Speed up register iteration loops by using BSF instruction

Categories

(Core Graveyard :: Nanojit, defect, P3, minor)

x86
Windows 7

Tracking

(Not tracked)

RESOLVED FIXED
flash10.2

People

(Reporter: edwsmith, Assigned: edwsmith)

References

Details

(Whiteboard: PACMAN, fixed-in-nanojit)

Attachments

(1 file, 1 obsolete file)

Attached patch proof of concept on x64 (obsolete) — Splinter Review
On x86 or x64, we can use BSF to skip regions of 0s in a bitmask, to quickly iterate through register masks that satisfy various criteria.  For example:

int active = ~free & managed
for (int r=bsf(active); active != 0; i = bsf(active &= ~(1<<r)))
  /* do stuff with _allocator.active[r] */

The same principle ought to work in bug 584608 for quickly finding free AR entries, although I haven't tried that yet.

Preliminary benchmarking on tamarin-redux's jit-only mode (dont run code, just feed a large input set through the JIT) shows about a 3-5% speedup in TR's verify+jit time.  That time would be diluted in the real world, of course.

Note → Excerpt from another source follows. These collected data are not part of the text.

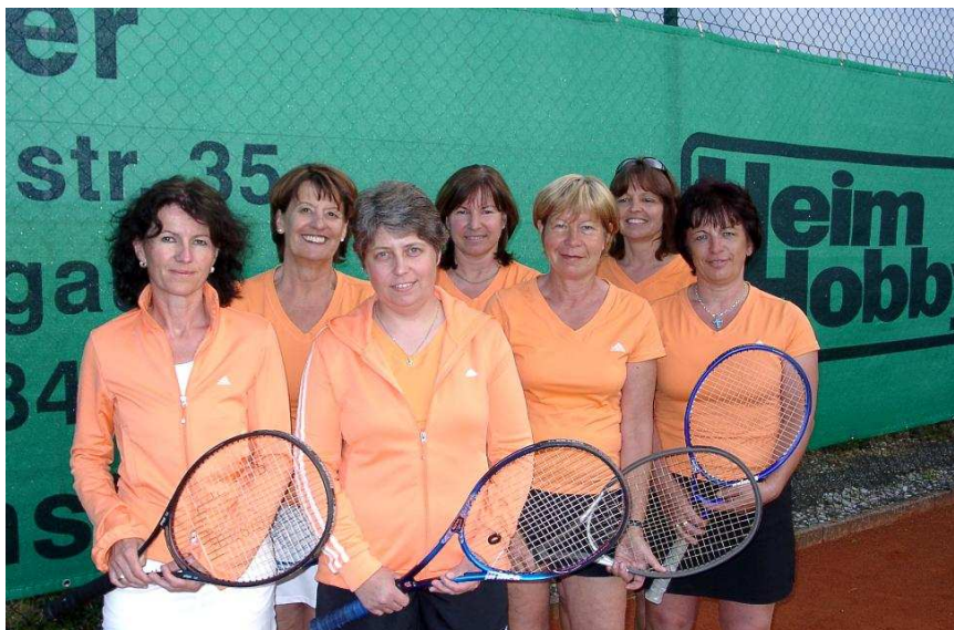
Damen 40 1. Mannschaft (Bezirksklasse 2)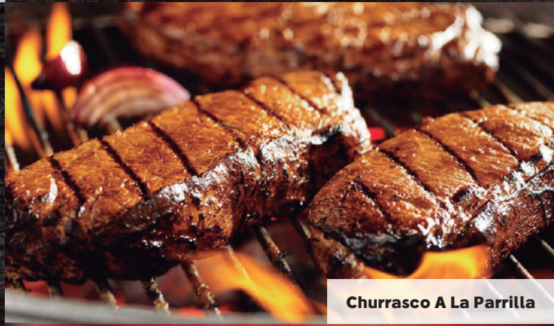
Churrasco A La Parrilla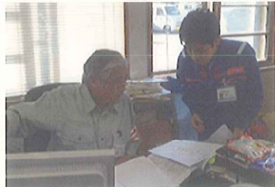
リエゾンから王滝村長に報告(9/29)

発災当日の9月27日より、中部地方整備局からリエゾンを派遣。以降、リエゾン最大11名を関係県・市町村に派遣。(長野県庁、王滝村、木曾町、岐阜県庁、高山市、下呂市)

The attached proof of concept also includes the bitmask-based AR from bug 584608.
Attachment #463412 - Attachment is patch: true
Attachment #463412 - Attachment mime type: application/octet-stream → text/plain
Attachment #463412 - Flags: feedback?(nnethercote)
Comment on attachment 463412 [details] [diff] [review]
proof of concept on x64

I definitely like the basic idea of the patch, hence the f+.  But I have a
few things I'd like changed.

First, I'd like to see nextreg()/prevreg() completely gone, I'd like only
one way to iterate over a loop.  Remaining uses:

- RegAlloc::countActive()
- Assembler::registerConsistencyCheck()
- Assembler::printRegState()
- Assembler::intersectRegisterState() -- in a comment;  just delete the
  whole comment line beginning with "viz."

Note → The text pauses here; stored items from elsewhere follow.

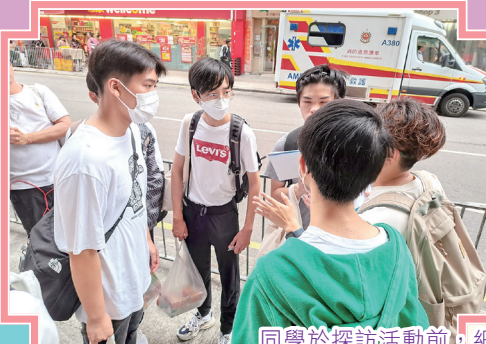
同學於探訪活動前，細心聆聽負責社工的解說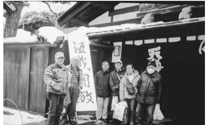
造り酒屋の前で一枚

当日は矢鳥の造り酒屋で蔵開きがあり、到着早々に新酒の啣酒を堪能し、気に入った新酒を買い求めたり屋台を眺めたりしながら楽しみました。帰りも由利高原鉄道に揺られ本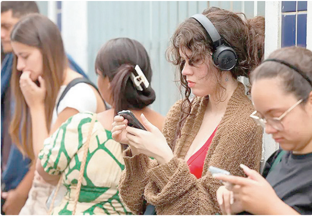
Financiamento custeia mensalidade em faculdade privada

VAGAS O Ministério da Educação (MEC) ofertará mais de 112.168 vagas para financiamento em 2026, sendo 67.301 vagas para o primeiro semestre, em 1.421 universidades, faculdades e centros universitários, para 19.834 cursos. As vagas que eventualmente não forem ocupadas nesta edição serão ofertadas no segundo semestre.

>+        int active_set = _allocator.activeSet();
>+        for (Register r = lsReg(active_set); active_set;
>+             r = lsReg(active_set &= ~rmask(r)))

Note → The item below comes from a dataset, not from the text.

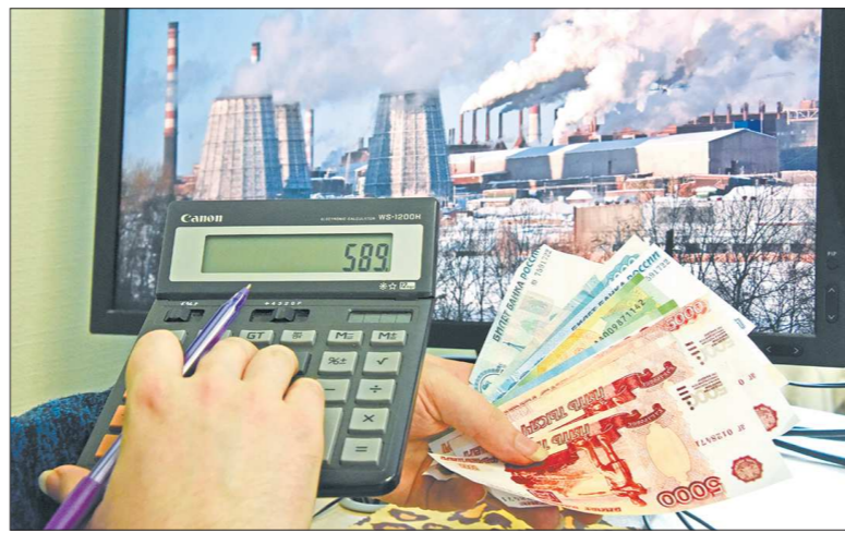
Налоги на доходы физических лиц — главная статья доходов в муниципальных бюджетах

Только исполнением налоговых обязательств производственных не ограничиваются. Пожертвования на развитие объектов весьма значительны. Например, в прошлом году 95 миллионов рублей УТМК направила на ремонт Дворца культуры и школ. Ныне на ремонт учебных заведений выделяется 40 миллионов рублей. Завод твёрдых сплавов тоже направляет по 7 милли-

I don't like having to write the masking code in every loop.  I'd prefer
something like this:

        for (Register r = lsReg(active_set); active_set;
             r = nextLsReg(active_set, r))

where nextLsReg() is suitably defined.


>+            AvmAssert(ins != 0);

Nit: Use NanoAssert(), please, TM doesn't define AvmAssert().


>     class AR
>     {
>     private:
>         uint32_t        _highWaterMark;                 /* index of highest entry used since last clear() */
>+        uint32_t        _used[NJ_MAX_STACK_ENTRY/(8*sizeof(uint32_t))];
>+#if defined(_DEBUG)
>         LIns*           _entries[ NJ_MAX_STACK_ENTRY ]; /* maps to 4B contiguous locations relative to the frame pointer.
>                                                             NB: _entries[0] is always unused */
>+#endif

I'd like a comment explaining _used, that it's a bitset implemented using
32-bit values.  I'd also like a comment explaining the connection between
_used and _entries;  and since they are so closely linked their names should
be more similar, maybe _usedBits and _usedInstrs?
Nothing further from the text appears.